I am interested in smooth quadric bundles $f:X \rightarrow \mathbb{P}^{1}$. Where $X$ is a smooth complex projective $3$-fold and all the fibres are smooth so that $f^{-1}(p) \cong \mathbb{CP}^{1} \times \mathbb{CP}^{1}$.
According to Beauville, for each such quadric bundle, there is a rank $4$-bundle E and a line bundle $L$ and a section $s \in H^{0}(S^{2}E^* \otimes L)$, such that $X = \{s=0\} \subset \mathbb{P}(E)$. By Grothendieck, and since tensoring by a line bundle doesn't change the projectivisation, without loss of generality we may write $E = \mathcal{O}(n_{1}) \oplus \mathcal{O}(n_{2}) \oplus \mathcal{O}(n_{3}) \oplus \mathcal{O}$ and $L = \mathcal{O}(m)$.

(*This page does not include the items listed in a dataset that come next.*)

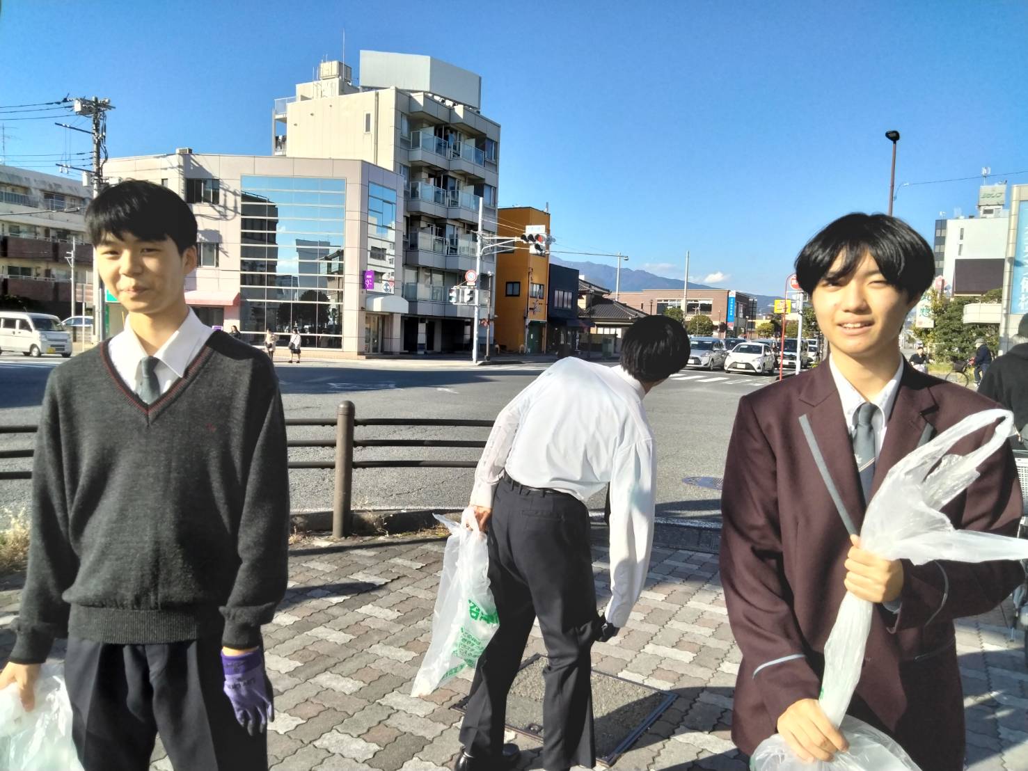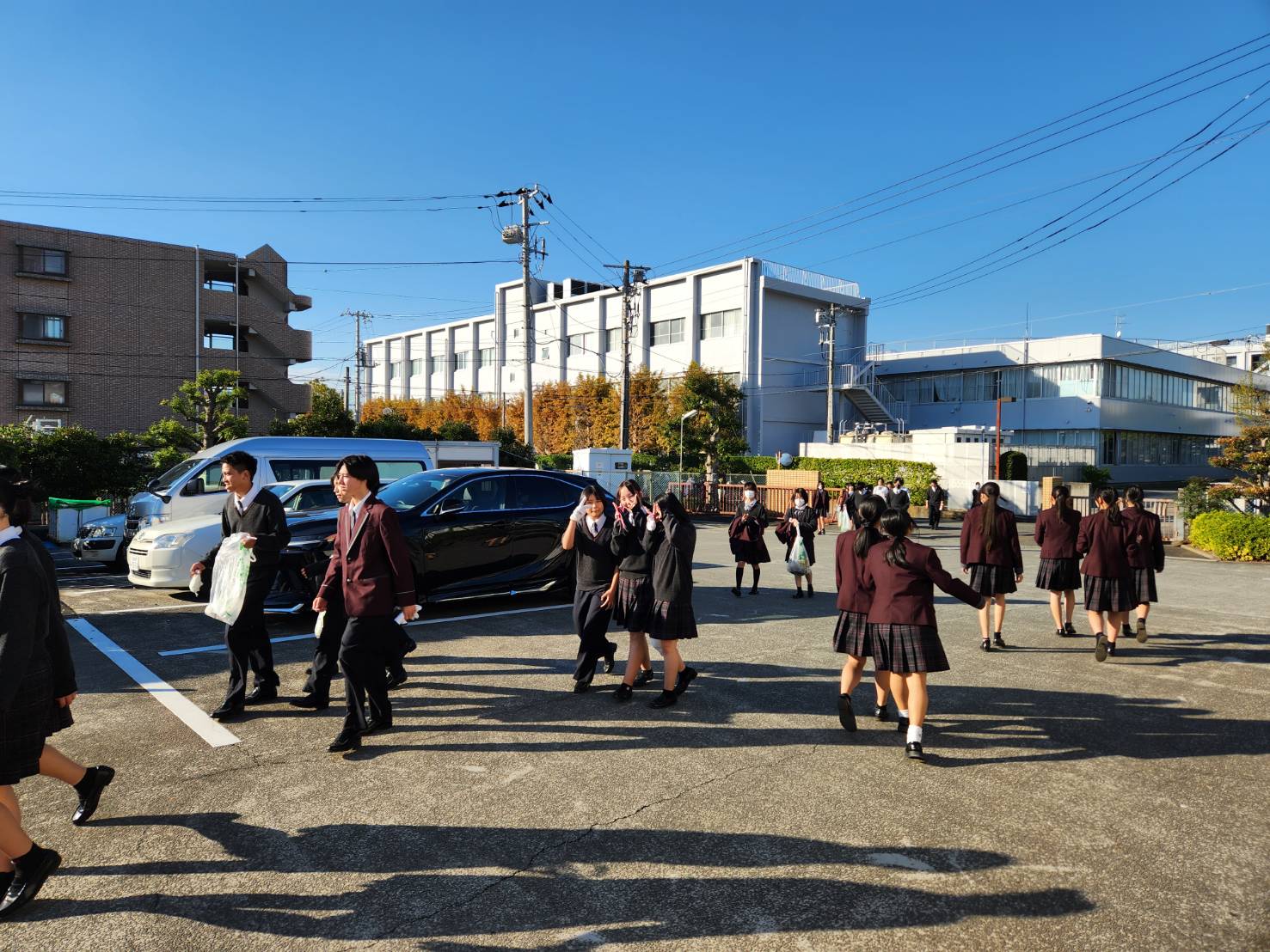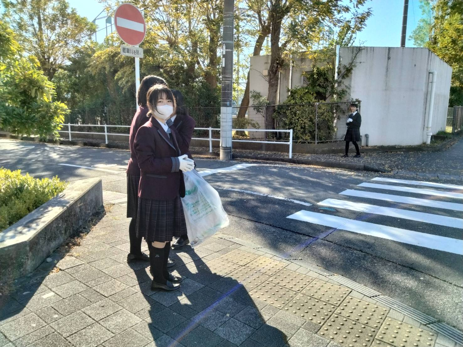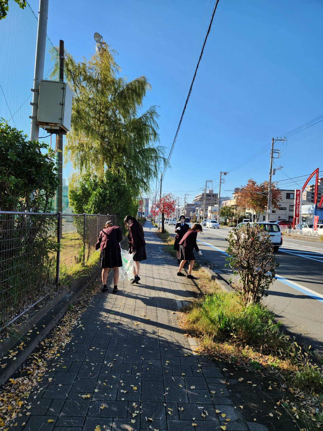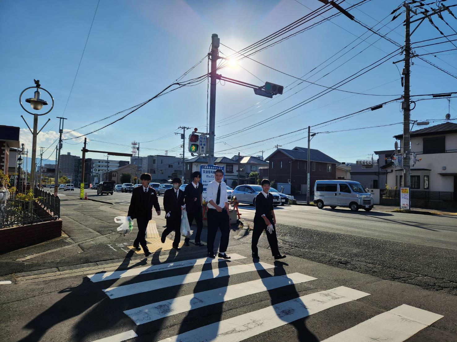 11月14日(金)に1年生が校外奉仕活動を行いました。この活動は、マナー学習の一環として企画されたもので、生徒たちは本校周辺から沼津駅までの区間を重点的に清掃しました。通学路や駅周辺は多くの人が利用する場所であり、きれいな環境を保つことは地域の方々にとっても大切なことです。生徒たちは軍手やごみ袋を手に、落ち葉や吸い殻などを拾いながら、協力して作業を進めました。途中、地域住民の方から「ありがとう」と声をかけてもらう場面もあり、活動の意義を実感できたのではないでしょうか。勝亦惺也君(函南東中出身)は「今回の取り組みを通じて、地域に貢献する喜びや公共の場を大切にする心を学ぶことができました。また、仲間と協力しながら活動することで、仲間との絆も深まり、充実した時間となりました」と話してくれました。こうした奉仕活動は、生活環境の向上だけでなく、生徒自身の成長にもつながる大切な学びです。今後も学校では、地域とのつながりを大切にしながら、社会に貢献できる人材の育成を目指していきます。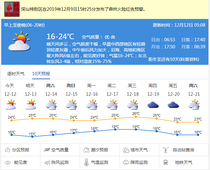 見圳客戶端·深圳新聞網(wǎng)2019年12月12日訊 12日深圳晴天間多云,空氣極度干燥,早晨中西部地區(qū)有輕微到輕度灰霾,中午前后風力加大,沿海、高地和海區(qū)最大陣風6級左右,能見度好轉;氣溫16-24℃。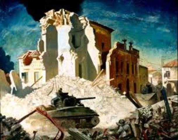 After many battles Canadians reach rome.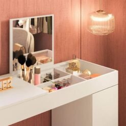 3{%%}Descrição{%%}Escrivaninha e Penteadeira Love Branco/Cinamomo Larg. 1.212m – Mobler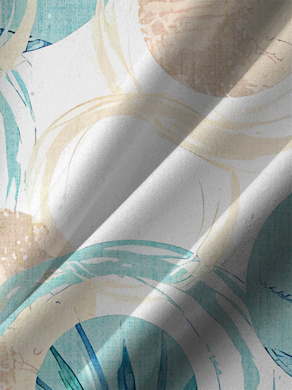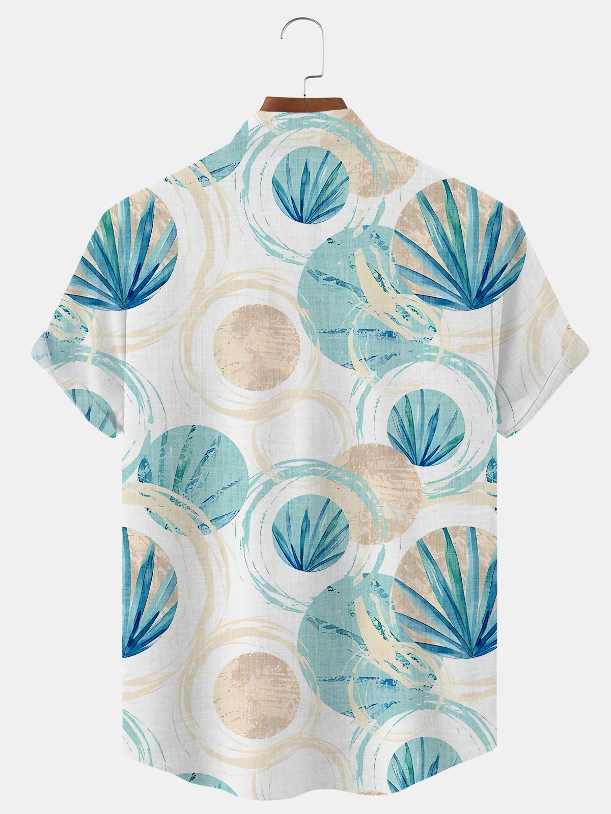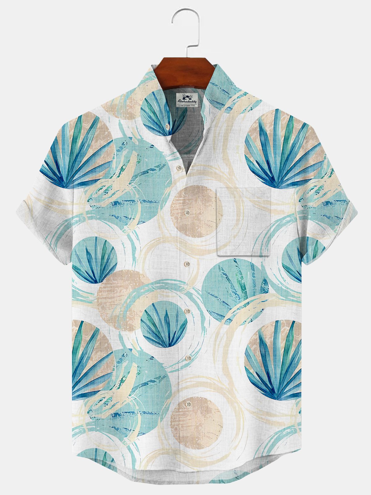 Alohadaddy Geometric Leaf Button Pocket Casual Short Sleeve Stand Collar Shirt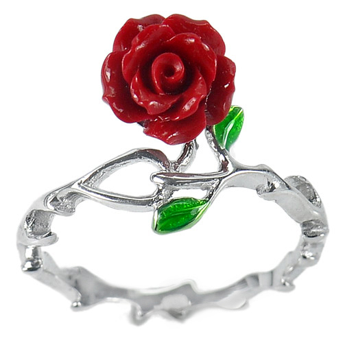 2.22 G. Lovely Rose Red Resin Desing Real 925 Sterling Silver Ring Size 7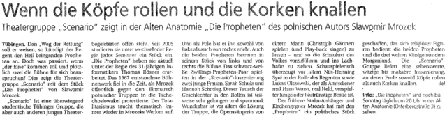 Die Theatergruppe Scenario spielte vom 18. bis 22. Januar 2012 Die Propheten von Sławomir Mrożek.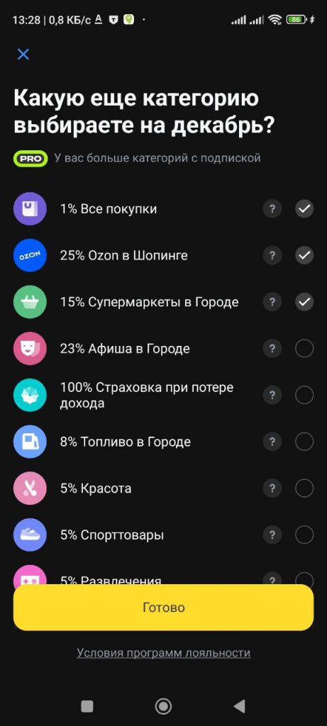 Автоматического начисления кэшбэка — все промокоды и категории нужно активировать вручную в приложении.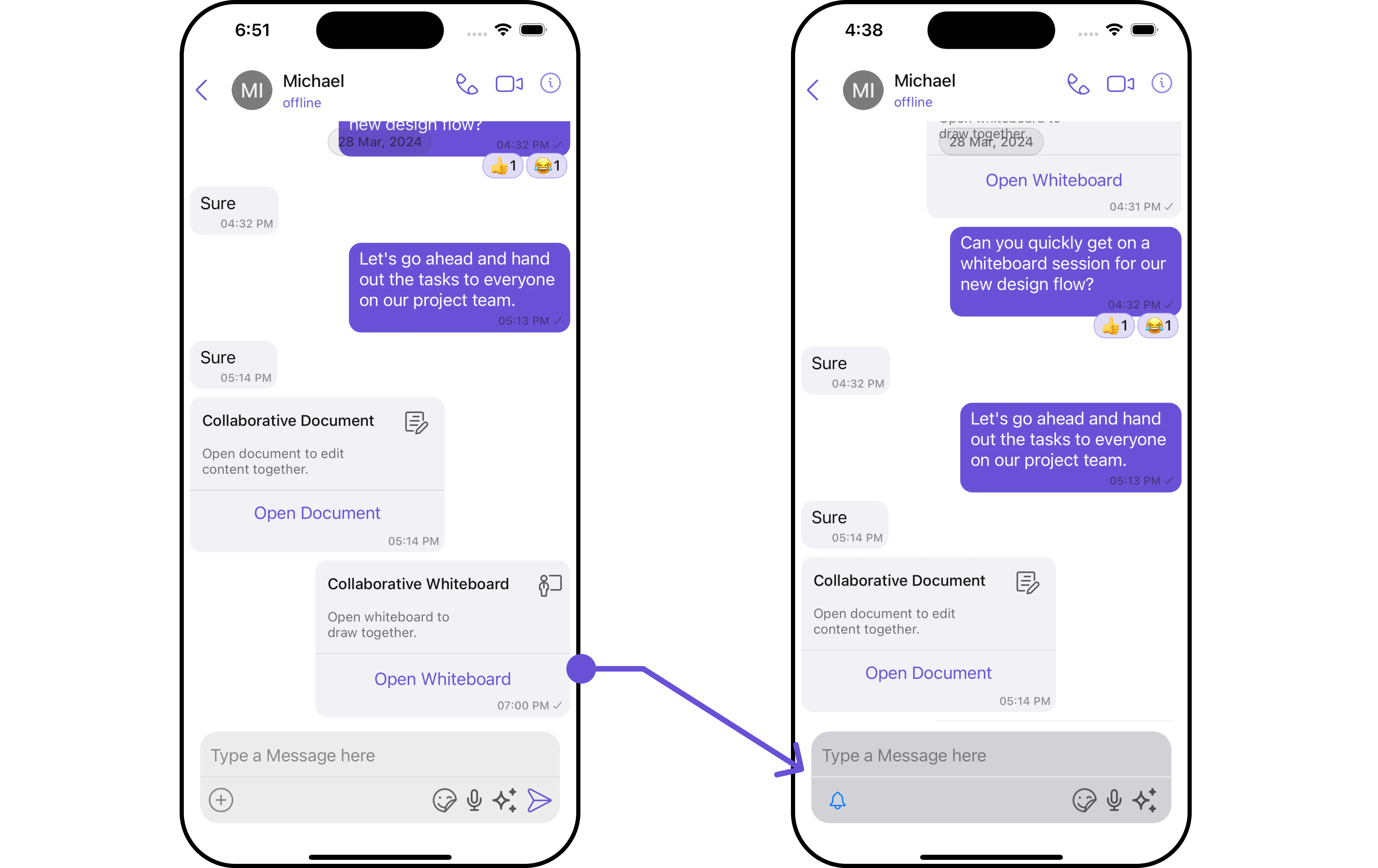 cometChatMessages. If a navigation controller is already in use, utilize the pushViewController function instead of directly presenting the view controller.FooterView
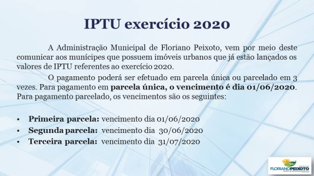A Administração Municipal de Floriano Peixoto, vem por meio deste comunicar aos munícipes que possuem imóveis urbanos que já estão lançados os valores de IPTU referentes ao exercício 2020.

Question: Is there a way to compute the automorphism group of $X$ from the data $\{ n_{i},m,s \}$? b. Is there a convenient criteria to know when $X$ is toric?
Edit: Is it possible to say anything about group the subgroup $Aut_{\mathbb{P}^{1}}(X) \subset Aut(X)$ preserving fibers?